Despite the way one is being treated, she said, it was important to get to closer to the people and get to know them better. She urged them never to at any point show signs of disrespect or insolence to the people, as no community will be willing to have a leader who has no respect for them, and advised them to exhibit the trait of selflessness, by being more generous, as politics is about helping the people come out of their economic misery, and not focusing on oneself.
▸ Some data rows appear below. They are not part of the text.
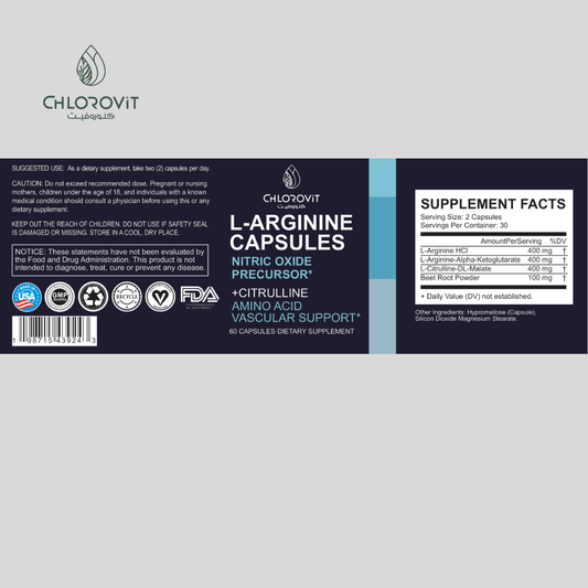 L-Arginine Capsules - مكمل غذائي لدعم الدورة الدموية وصحة القلب | 60 كبسولة | L-Arginine Supplement for Circulatory and Heart Health Support – 60 Capsules
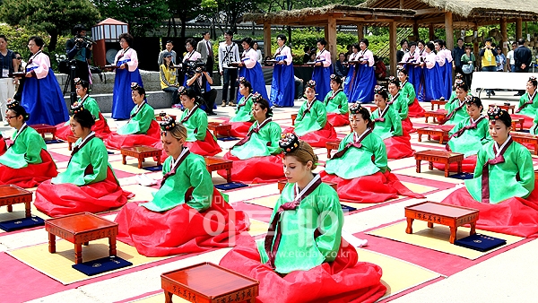 제 39회 성년의 날 기념행사가 열린 16일 오전 서울 남산골 한옥마을에서 성년자들이 한복을 곱게 차려입고 성인의로서의 예를 갖추고 있다.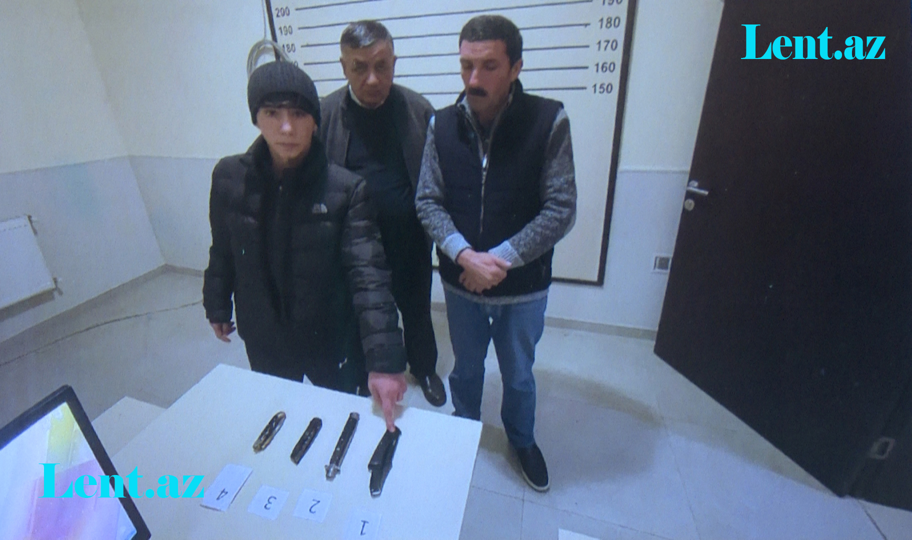 Növbətçiyə üzərində gəzdirdiyi 2 ədəd bıçağı və mobil telefonunu da təqdim edib.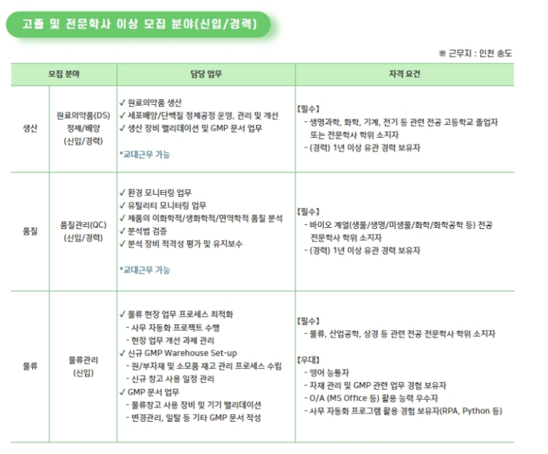 셀트리온 자소서, 생산직 채용공고 항목 분석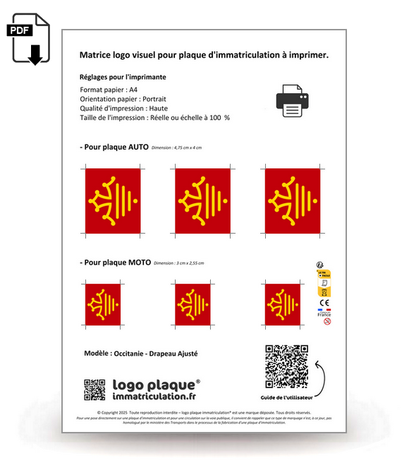 Aux dimensions d'une feuille A4, la matrice regroupe les logos parfaitement ajustés pour les plaques auto et moto.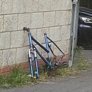 Dumped push chair on path Birchway near nursery school entrance.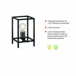 Die schwarze Tischleuchte sticht aufgrund ihres rustikalen Vintage-Looks hervor. Sie haben die Möglichkeit mit einem E27 Leuchtmittel bis maximal 60 Watt Ihre Lampe auszustatten. Im Lieferumfang ist kein Leuchtmittel enthalten.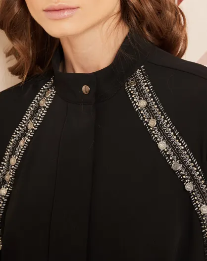 Chemise ornée de bijoux noire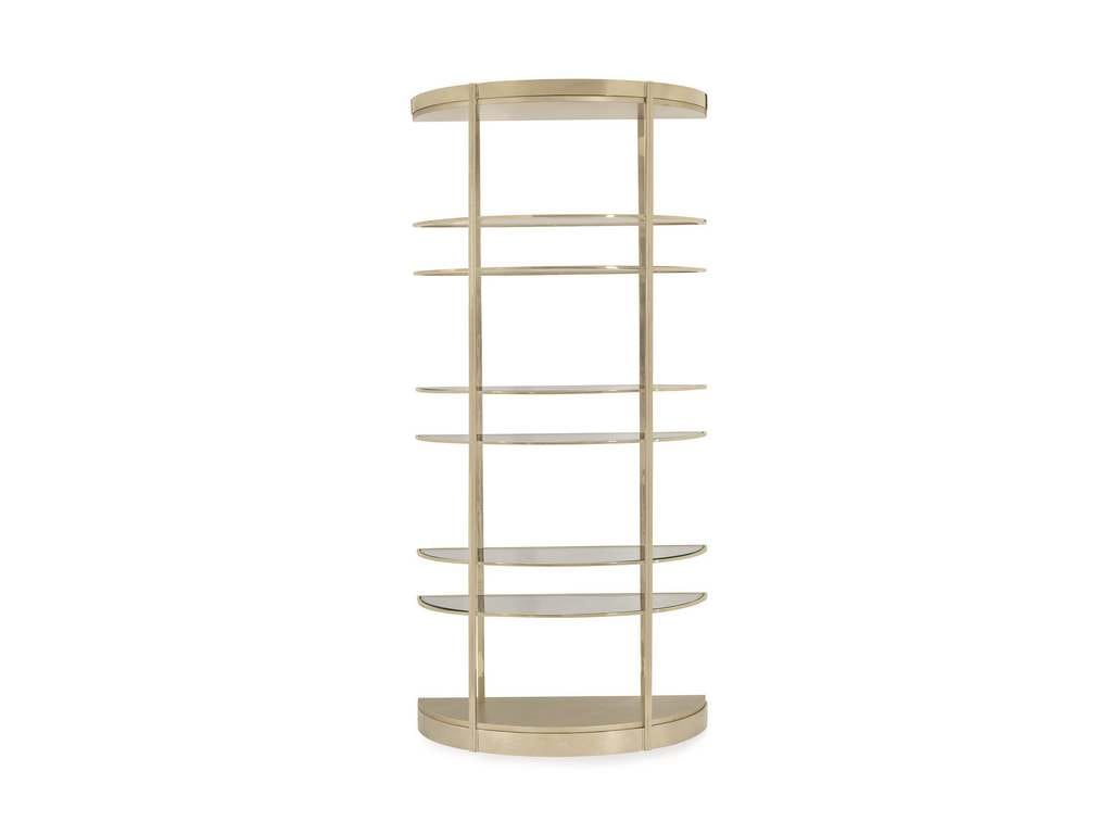 Product Description: Caracole CLA-016-811 Caracole Classic Up Up and Away Etagere - This dramatic, half-moon étagère offers a generous dose of contemporary style in a light and airy piece. The tall frame is high-polished Whisper of Gold metal that surrounds each of the six semi-circular glass shelves and provides its see-through, vertical structure. Adjustable brackets anchor the piece to the wall. With a crown and base in Auric leaf, this silhouette is a clear winner.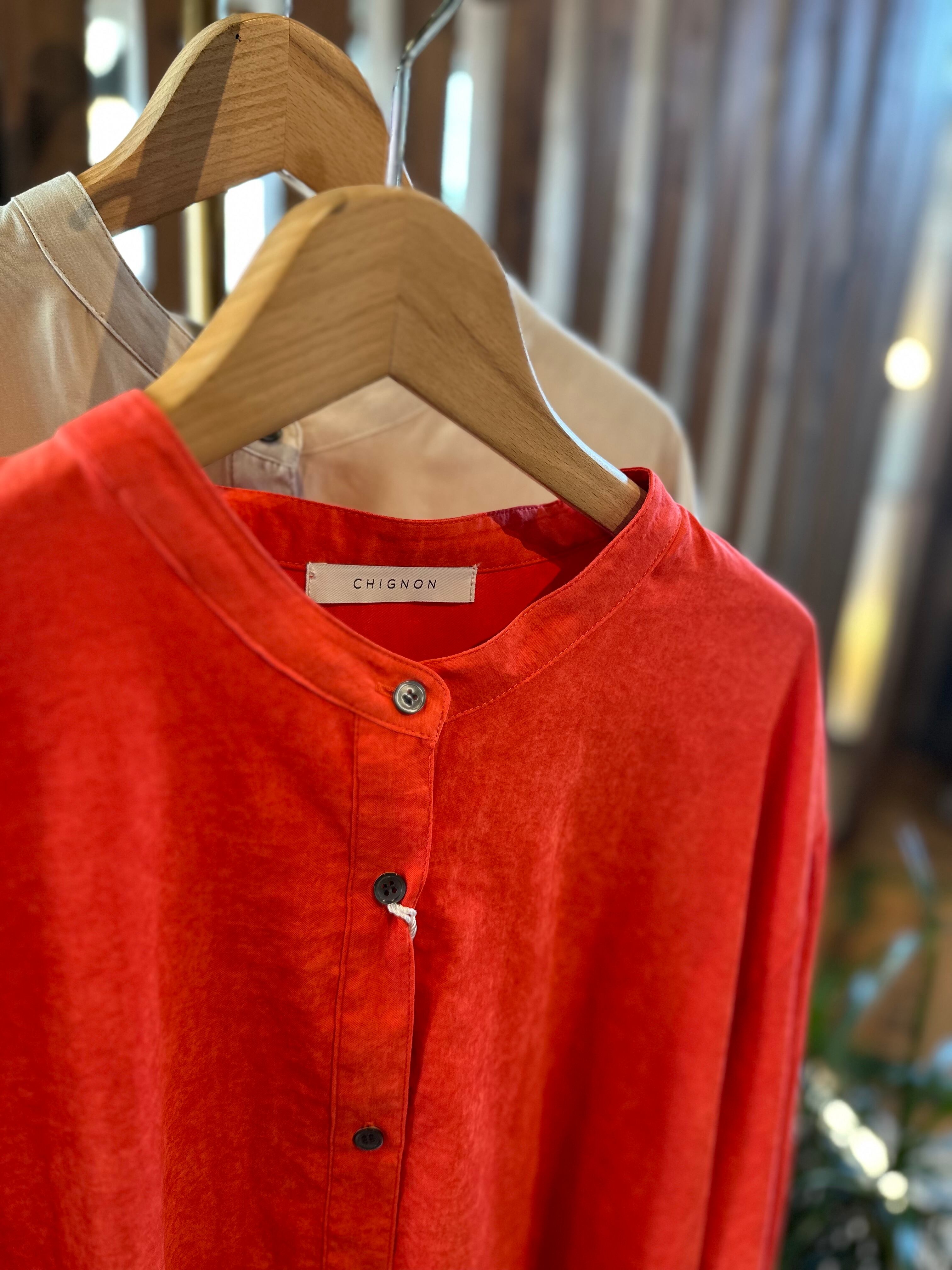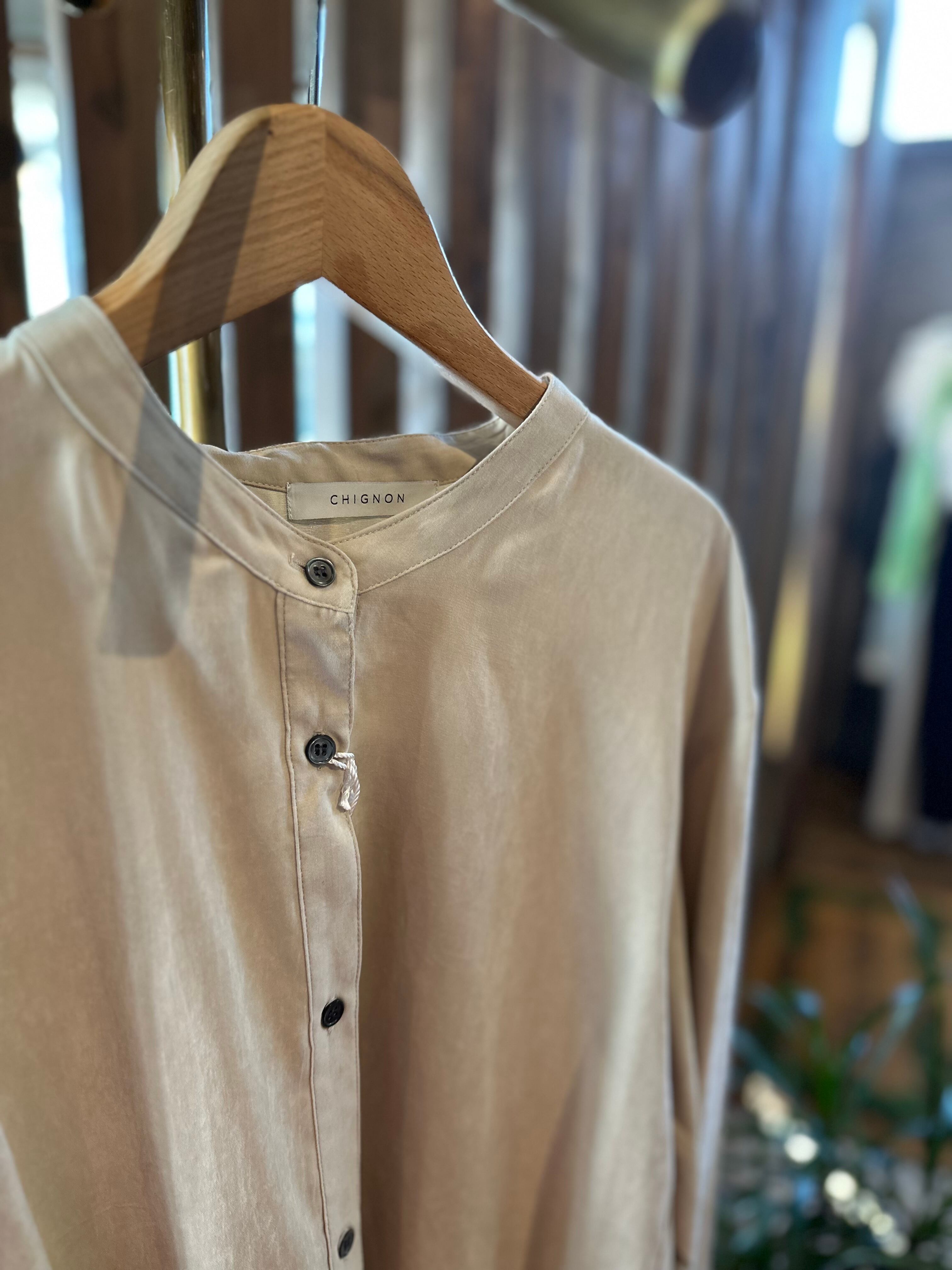 左ウエストの釦に前立てのホールをとめるとカシュクールデザインにもなり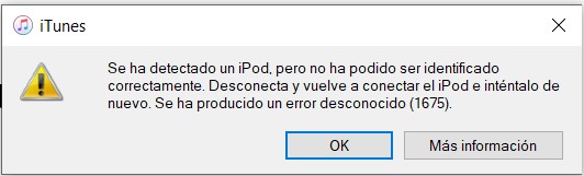 The PC recognices the iPod only for a few seconds and then iTunes gives me the "2005" error or sometimes it shows the recovery menu but the "1675" error shows up saying the iPod couldn't be detected.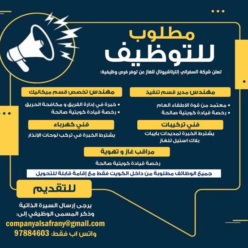 تعلن شركة السافراني إنترناشيونال للغاز عن توفر فرص عمل فورية داخل الكويت لعدد من التخصصات الهندسية والفنية، ضمن مشاريع نشطة وببيئة عمل مستقرة.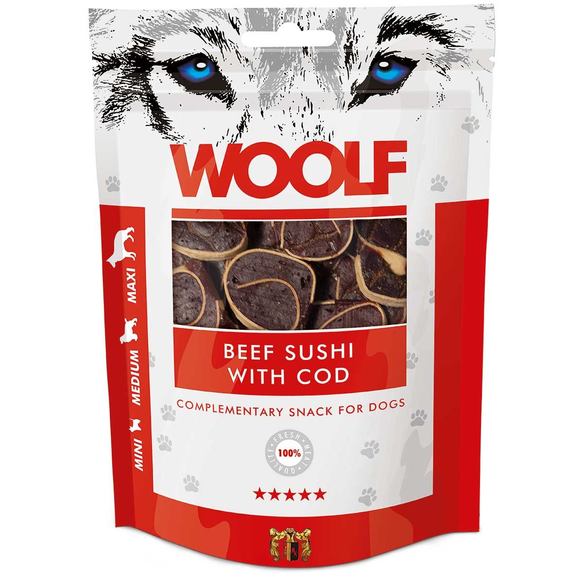 Woolf snack pentru câini cu carte de vită Sushi 100 g
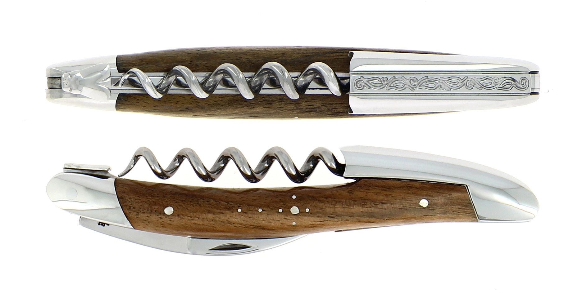 The Original Sommelier Knife by Forge de Laguiole was created in collaboration with professional sommeliers and thus gives it its ergonomics, elegance, and efficiency. The conical spiral, with 5 turns, of the corkscrew optimises its functionality, especially for the delicate corks of the finest vintage wines. The lever, whose operating principle is patented, is casted from heated metal and as a result is very resistant, hence can withstand intensive use.

Encouraging the aspirants, she advised that it was not a wise idea to lose hope when one loses the first term of elections, as it will be considered cowardly. According to her, she lost elections several times, but did lose hope until finally she won. She advised them to desist from politics of insults, as it makes one lose respect before the people, since it might result in them losing the support of the people, as people want their leaders to have self-respect in order for them to respect them as well.

She further cautioned them never to make any kinds of promises during campaigns, as it turns the people against the aspirant when she is not able to fulfill them at the end of her term. It will rather be appropriate to assure the people of communicating their needs to the government, and bring them the feedback.

MP Asante Akim South

To Gifty Ohene Konadu, MP Asante Akim South, local government is the main stream of decision making, even before reaching the government. It is therefore important that the aspirants hold on tight to the initiative they had taken, since they will be able to influence the decision making process when voted into power. By so doing, they can communicate easily the needs of the people to the government.

She advised them to learn to associate themselves with influential people who can send their messages across. She said there was the need to be strategic, and act as a service-oriented person, and not as a pathetic person who has no money to even support an individual in the community, adding that it is important to help the people for them to rest assured about what they will achieve when they vote for the aspirant in question.
Youngest aspiring candidate

Fulera Gariba is the youngest aspirant standing for the elections at the district assembly level at the Komenda in the Komenda-Edina-Eguafo-Abirem District. She is 21 years old, and has lived in her community for almost 18 years. To her, she had no intention of getting involved in the district assembly elections, but the community in which she lives in encouraged her, and made her aware that she fit the position.

According to her, considering the activities she has involved herself in to help the community, the community deemed it wise to vote for her to send their message across. She is also a member of the Muslim Girls Association, which is meant to promote girl child education among the Muslim community, and she is as well a Secretary of coalition of women in WILDAF. She said, apart from the support she gets from her parents and the community, she also has the support and encouragement of the mosque committee, and that she was emphatic that she could win the election in her district.

Conclusion

The involvement of women in governance at the district level is a stepping stone towards development in the various communities. It will enable the government to be a lot more abreast with the issues at the community level. Moreover, it is a good thing that female parliamentarians and WILDAF have taken it upon themselves to help women who decided to involve themselves in politics. It will give them confidence and hope towards achieving better results in their involvement in politics.